Shown below is a listing with pictures; reproduce exactly, and only, the lines between the ones containing "KDDIでは、KDDIビジョ" and "참여해 주신 선생님들의", inclusive, leaving the pictures out.

RECORDS SHOWN
--- START ---
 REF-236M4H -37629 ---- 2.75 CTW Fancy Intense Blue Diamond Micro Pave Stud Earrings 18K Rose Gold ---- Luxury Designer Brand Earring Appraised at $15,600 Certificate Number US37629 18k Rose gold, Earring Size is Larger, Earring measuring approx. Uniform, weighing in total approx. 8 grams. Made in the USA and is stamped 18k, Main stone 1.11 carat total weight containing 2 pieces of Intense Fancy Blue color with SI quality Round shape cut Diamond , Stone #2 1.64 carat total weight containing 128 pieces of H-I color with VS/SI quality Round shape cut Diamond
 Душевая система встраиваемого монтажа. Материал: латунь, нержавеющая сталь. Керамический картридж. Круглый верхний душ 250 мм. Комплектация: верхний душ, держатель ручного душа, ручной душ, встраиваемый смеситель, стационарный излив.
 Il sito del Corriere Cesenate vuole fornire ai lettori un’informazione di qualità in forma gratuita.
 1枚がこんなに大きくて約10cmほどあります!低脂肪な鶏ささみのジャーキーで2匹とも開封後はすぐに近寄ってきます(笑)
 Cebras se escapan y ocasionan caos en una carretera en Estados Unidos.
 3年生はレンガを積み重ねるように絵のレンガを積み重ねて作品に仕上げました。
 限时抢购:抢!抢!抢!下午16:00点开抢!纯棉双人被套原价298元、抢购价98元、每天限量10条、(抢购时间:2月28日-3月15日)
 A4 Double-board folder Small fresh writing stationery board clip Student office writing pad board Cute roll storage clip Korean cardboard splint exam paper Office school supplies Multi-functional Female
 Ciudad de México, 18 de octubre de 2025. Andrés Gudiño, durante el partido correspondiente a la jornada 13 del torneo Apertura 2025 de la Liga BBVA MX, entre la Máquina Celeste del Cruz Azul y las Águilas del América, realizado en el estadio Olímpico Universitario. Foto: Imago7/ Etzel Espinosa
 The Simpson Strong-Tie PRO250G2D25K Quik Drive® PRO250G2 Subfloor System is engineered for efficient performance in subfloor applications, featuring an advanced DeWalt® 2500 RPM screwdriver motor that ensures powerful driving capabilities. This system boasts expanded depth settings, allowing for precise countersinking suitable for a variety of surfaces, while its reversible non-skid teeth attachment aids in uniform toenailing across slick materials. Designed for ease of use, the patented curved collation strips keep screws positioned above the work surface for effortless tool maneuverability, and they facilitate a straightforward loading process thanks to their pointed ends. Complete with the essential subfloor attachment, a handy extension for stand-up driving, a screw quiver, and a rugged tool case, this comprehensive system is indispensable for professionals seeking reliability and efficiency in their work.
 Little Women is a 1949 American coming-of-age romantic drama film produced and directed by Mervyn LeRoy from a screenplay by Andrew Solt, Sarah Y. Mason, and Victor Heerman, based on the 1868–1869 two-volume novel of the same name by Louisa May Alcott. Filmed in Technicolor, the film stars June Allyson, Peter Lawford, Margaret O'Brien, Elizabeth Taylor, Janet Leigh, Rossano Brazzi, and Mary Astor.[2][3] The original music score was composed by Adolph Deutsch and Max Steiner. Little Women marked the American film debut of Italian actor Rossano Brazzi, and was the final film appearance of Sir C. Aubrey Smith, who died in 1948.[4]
--- END ---
--- START ---
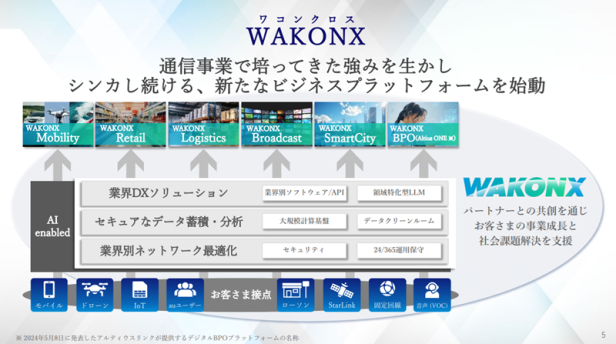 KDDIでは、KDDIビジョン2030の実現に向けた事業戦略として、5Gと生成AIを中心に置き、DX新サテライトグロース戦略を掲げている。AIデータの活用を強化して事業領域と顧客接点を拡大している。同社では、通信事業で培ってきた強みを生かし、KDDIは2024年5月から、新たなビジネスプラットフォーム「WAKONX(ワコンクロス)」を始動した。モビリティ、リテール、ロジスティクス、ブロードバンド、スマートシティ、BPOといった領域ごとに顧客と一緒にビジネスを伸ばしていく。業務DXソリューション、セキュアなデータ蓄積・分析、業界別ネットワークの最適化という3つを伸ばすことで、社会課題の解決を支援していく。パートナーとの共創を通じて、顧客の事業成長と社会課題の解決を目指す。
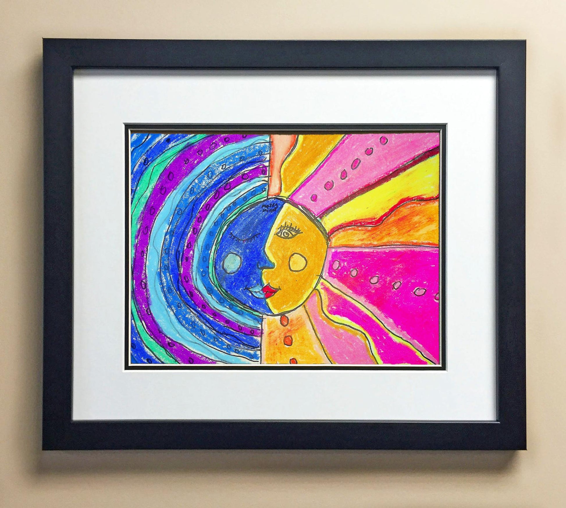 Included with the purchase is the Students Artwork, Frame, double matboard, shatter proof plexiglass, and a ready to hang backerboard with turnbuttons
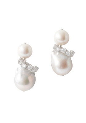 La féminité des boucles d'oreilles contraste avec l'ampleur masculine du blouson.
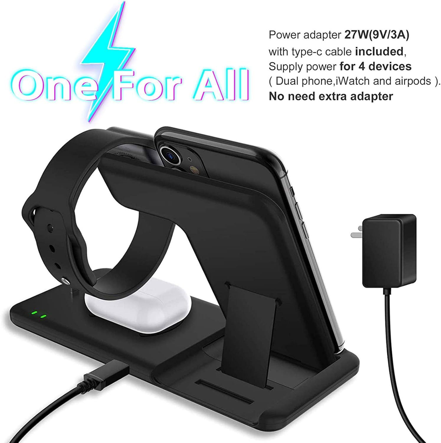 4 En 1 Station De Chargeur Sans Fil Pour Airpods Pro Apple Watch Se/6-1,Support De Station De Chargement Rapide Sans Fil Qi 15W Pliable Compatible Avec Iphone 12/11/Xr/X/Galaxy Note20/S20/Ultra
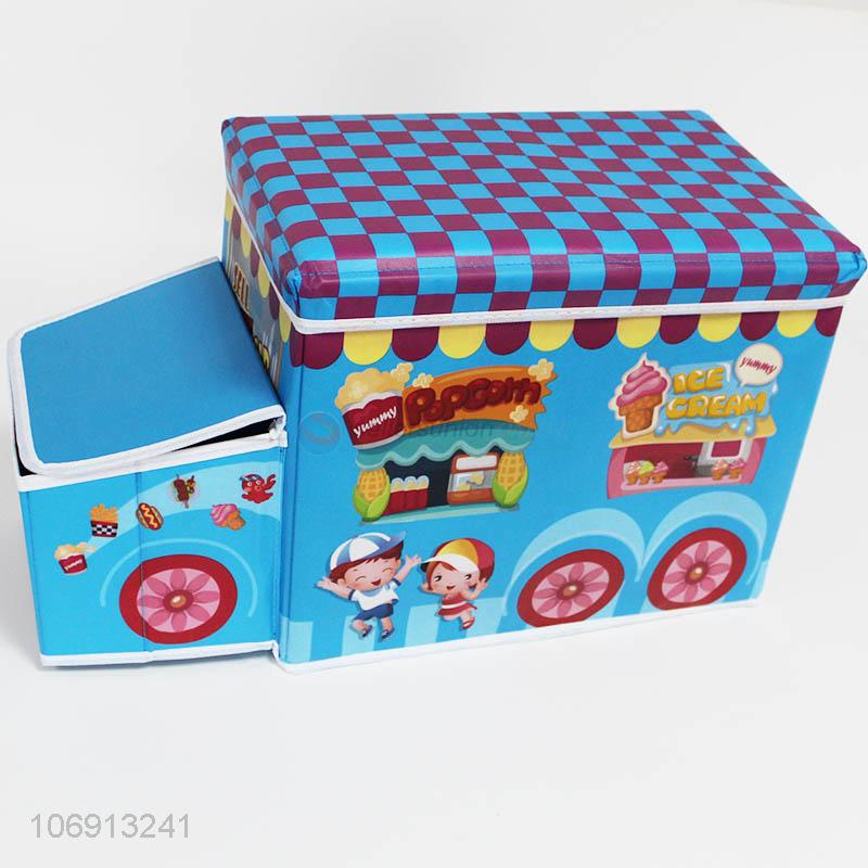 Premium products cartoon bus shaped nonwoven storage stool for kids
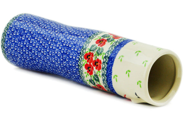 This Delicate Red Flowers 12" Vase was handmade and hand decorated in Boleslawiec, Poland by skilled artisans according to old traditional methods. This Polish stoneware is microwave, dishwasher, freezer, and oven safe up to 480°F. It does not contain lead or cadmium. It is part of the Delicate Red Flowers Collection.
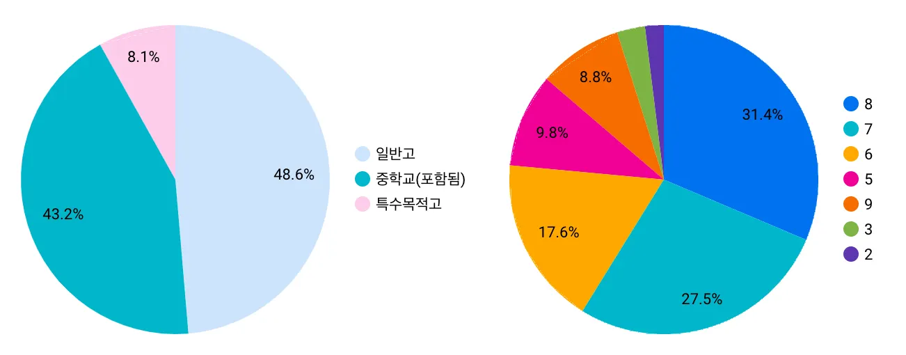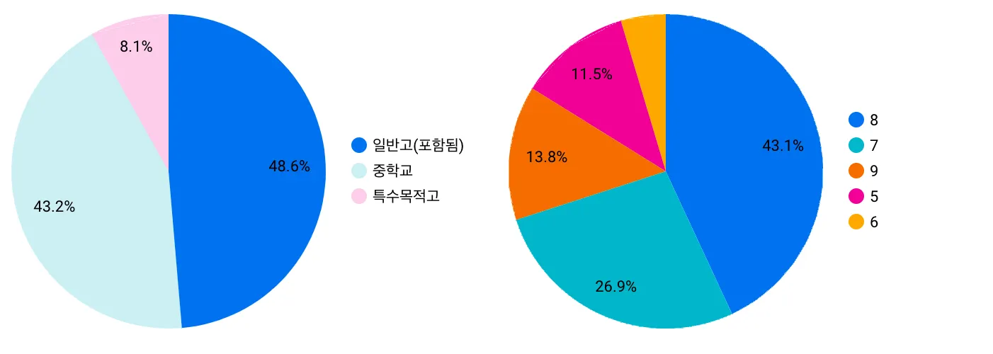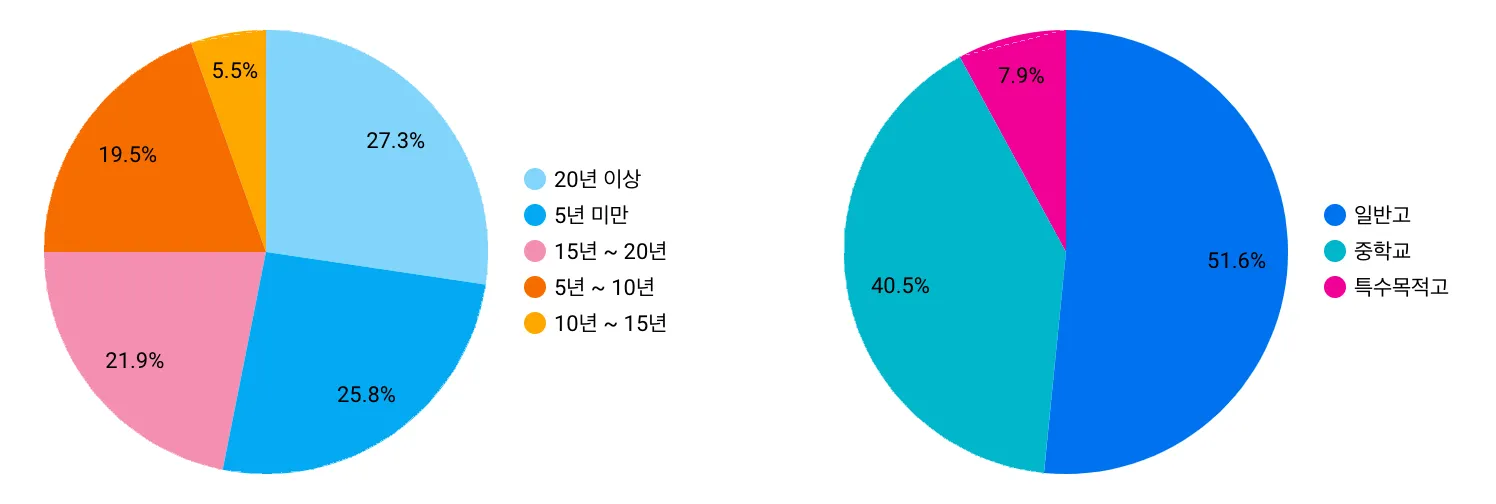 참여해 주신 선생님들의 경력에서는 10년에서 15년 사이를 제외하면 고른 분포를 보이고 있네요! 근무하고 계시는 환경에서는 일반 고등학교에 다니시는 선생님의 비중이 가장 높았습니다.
--- END ---
--- START ---
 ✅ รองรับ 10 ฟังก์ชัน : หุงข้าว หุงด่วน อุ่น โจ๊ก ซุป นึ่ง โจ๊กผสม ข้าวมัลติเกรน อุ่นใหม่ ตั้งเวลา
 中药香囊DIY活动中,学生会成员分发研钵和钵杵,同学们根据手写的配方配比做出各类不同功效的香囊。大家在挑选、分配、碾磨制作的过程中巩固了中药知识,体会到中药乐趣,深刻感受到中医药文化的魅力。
--- END ---
FINISHED EXERCISE
 KDDIでは、KDDIビジョン2030の実現に向けた事業戦略として、5Gと生成AIを中心に置き、DX新サテライトグロース戦略を掲げている。AIデータの活用を強化して事業領域と顧客接点を拡大している。同社では、通信事業で培ってきた強みを生かし、KDDIは2024年5月から、新たなビジネスプラットフォーム「WAKONX(ワコンクロス)」を始動した。モビリティ、リテール、ロジスティクス、ブロードバンド、スマートシティ、BPOといった領域ごとに顧客と一緒にビジネスを伸ばしていく。業務DXソリューション、セキュアなデータ蓄積・分析、業界別ネットワークの最適化という3つを伸ばすことで、社会課題の解決を支援していく。パートナーとの共創を通じて、顧客の事業成長と社会課題の解決を目指す。
 Included with the purchase is the Students Artwork, Frame, double matboard, shatter proof plexiglass, and a ready to hang backerboard with turnbuttons
 La féminité des boucles d'oreilles contraste avec l'ampleur masculine du blouson.
 4 En 1 Station De Chargeur Sans Fil Pour Airpods Pro Apple Watch Se/6-1,Support De Station De Chargement Rapide Sans Fil Qi 15W Pliable Compatible Avec Iphone 12/11/Xr/X/Galaxy Note20/S20/Ultra
 Premium products cartoon bus shaped nonwoven storage stool for kids
 This Delicate Red Flowers 12" Vase was handmade and hand decorated in Boleslawiec, Poland by skilled artisans according to old traditional methods. This Polish stoneware is microwave, dishwasher, freezer, and oven safe up to 480°F. It does not contain lead or cadmium. It is part of the Delicate Red Flowers Collection.
 참여해 주신 선생님들의 경력에서는 10년에서 15년 사이를 제외하면 고른 분포를 보이고 있네요! 근무하고 계시는 환경에서는 일반 고등학교에 다니시는 선생님의 비중이 가장 높았습니다.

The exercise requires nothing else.